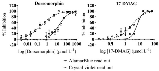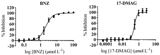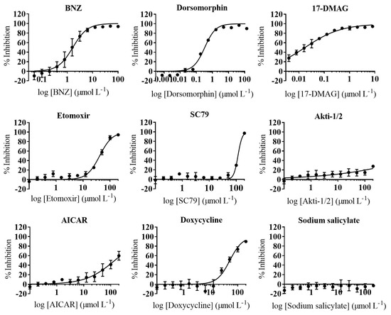 Upon evaluating the nine compounds in at least three independent experiments, six of them were found to be inactive against the parasite (AICAR, SC79, Akti-1/2, etomoxir, sodium salicylate, and doxycycline; Table S1). In contrast, dorsomorphin, oligomycin, and 17-DMAG showed a T. cruzi growth inhibition activity more potent than that of the reference drug BNZ (Figure 2 and Figure S2). Respectively, dorsomorphin, oligomycin, and 17-DMAG yielded average IC50 values of 0.24 (0.021) µmol L−1, 0.52 (0.047) µmol L−1, and 0.017 (0.001) µmol L−1 (Table 1).
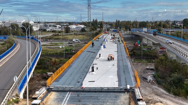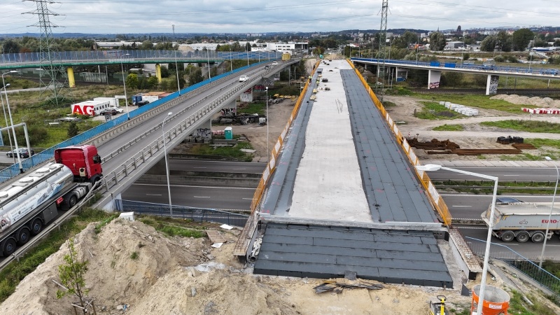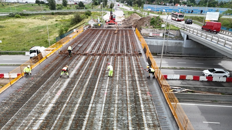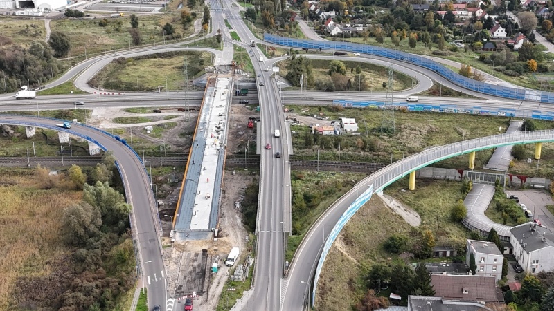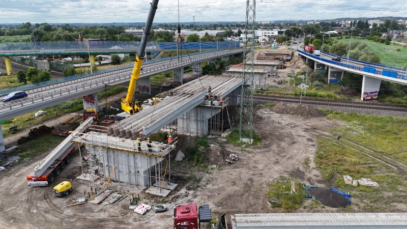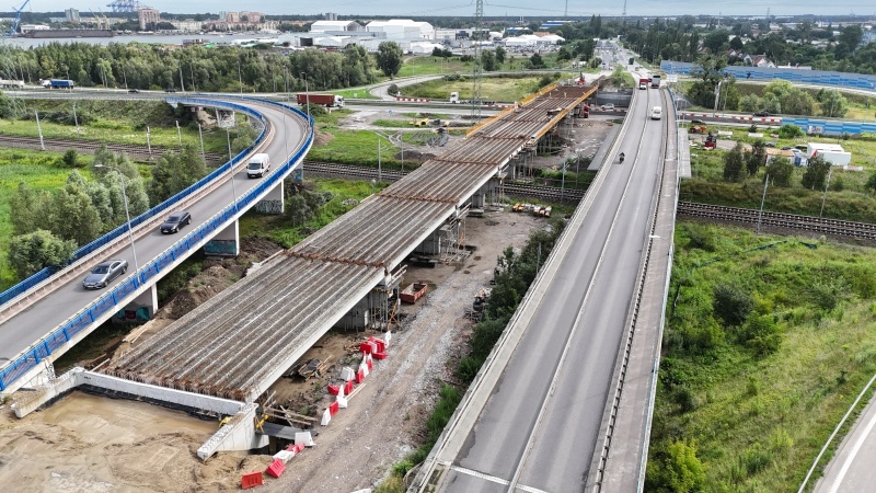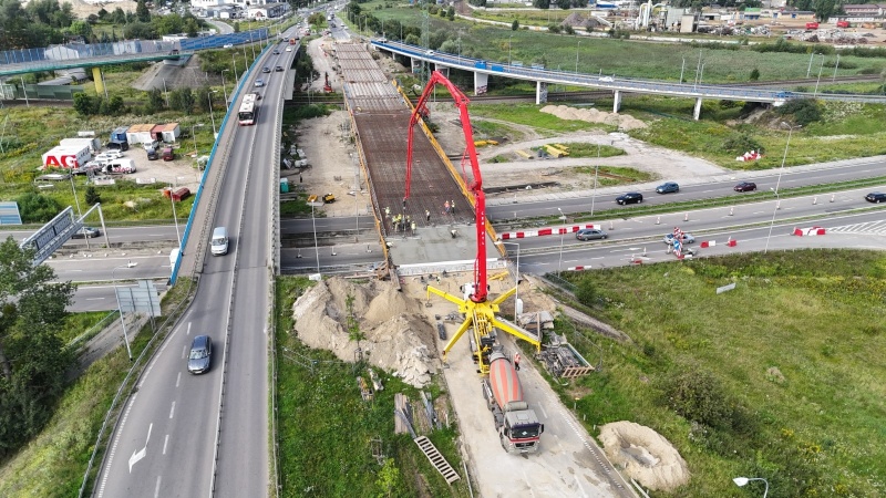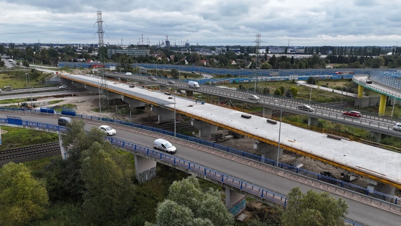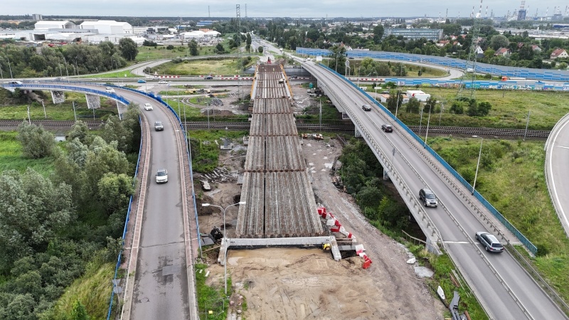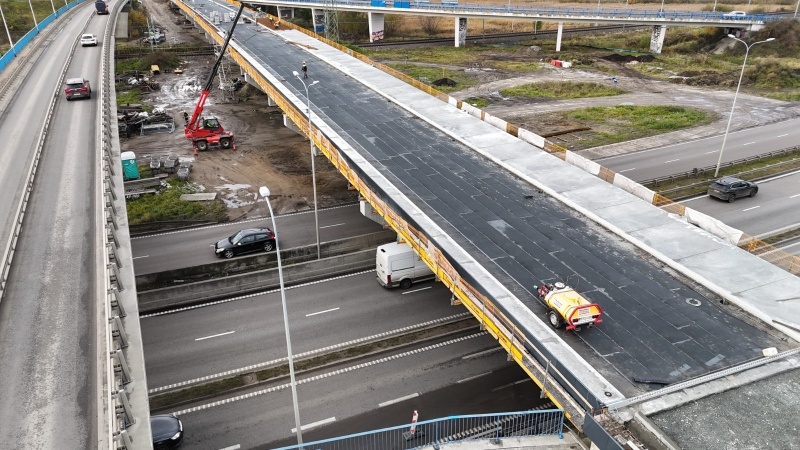 W minionych dniach zamontowano płyty ustroju nośnego estakady nad Trasą Sucharskiego i nad środkowym odcinku.
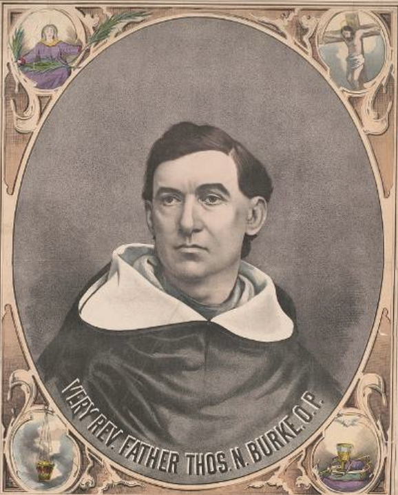 Fr Tom Burke was a noted lecturer and preacher during the nineteenth century. He was the only son of Walter Burke, a baker. While some sources claim that he was born in Kirwan’s Lane on 8 September 1830, others mention Dominick Street. During a Dublin lecture delivered by Fr Jarlath Hynes in 1913, he stated that Tom Burke was ‘Born in a house near the bridge at Dominick Street, now a police barracks’ (This would indicate An Tobar Nua). However, others say it was across the road in a house facing onto the canal. Nevertheless, as a child growing up on the street, he was full of mischief and loved playing pranks on people. He was also impersonating people in the area and would mimic Michael Walsh, the Nailor. He derived great fun out of this, being chased around the street.
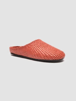 Our Polly flat mules stand out with their finely woven off-white leather upper. Made entirely by hand by our skilled craftsmen, they feature a rounded toe, woven insole with logo-label and a thin black rubber sole.
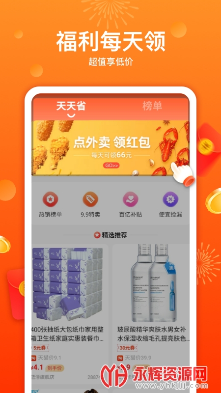 优荔多省app是能让大家省下许多钱的省钱购物软件,软件中有着超多精选的好物商品,你可以放心进行挑选,而且经常有一元购的活动。还在等什么呢?快来永辉资源网下载吧!

* **What you are asked to do**: The entries are to be written out in full and exactly, apart from the pictures.

* **Solution**:
 Upon evaluating the nine compounds in at least three independent experiments, six of them were found to be inactive against the parasite (AICAR, SC79, Akti-1/2, etomoxir, sodium salicylate, and doxycycline; Table S1). In contrast, dorsomorphin, oligomycin, and 17-DMAG showed a T. cruzi growth inhibition activity more potent than that of the reference drug BNZ (Figure 2 and Figure S2). Respectively, dorsomorphin, oligomycin, and 17-DMAG yielded average IC50 values of 0.24 (0.021) µmol L−1, 0.52 (0.047) µmol L−1, and 0.017 (0.001) µmol L−1 (Table 1).
 W minionych dniach zamontowano płyty ustroju nośnego estakady nad Trasą Sucharskiego i nad środkowym odcinku.
 Fr Tom Burke was a noted lecturer and preacher during the nineteenth century. He was the only son of Walter Burke, a baker. While some sources claim that he was born in Kirwan’s Lane on 8 September 1830, others mention Dominick Street. During a Dublin lecture delivered by Fr Jarlath Hynes in 1913, he stated that Tom Burke was ‘Born in a house near the bridge at Dominick Street, now a police barracks’ (This would indicate An Tobar Nua). However, others say it was across the road in a house facing onto the canal. Nevertheless, as a child growing up on the street, he was full of mischief and loved playing pranks on people. He was also impersonating people in the area and would mimic Michael Walsh, the Nailor. He derived great fun out of this, being chased around the street.
 Our Polly flat mules stand out with their finely woven off-white leather upper. Made entirely by hand by our skilled craftsmen, they feature a rounded toe, woven insole with logo-label and a thin black rubber sole.
 优荔多省app是能让大家省下许多钱的省钱购物软件,软件中有着超多精选的好物商品,你可以放心进行挑选,而且经常有一元购的活动。还在等什么呢?快来永辉资源网下载吧!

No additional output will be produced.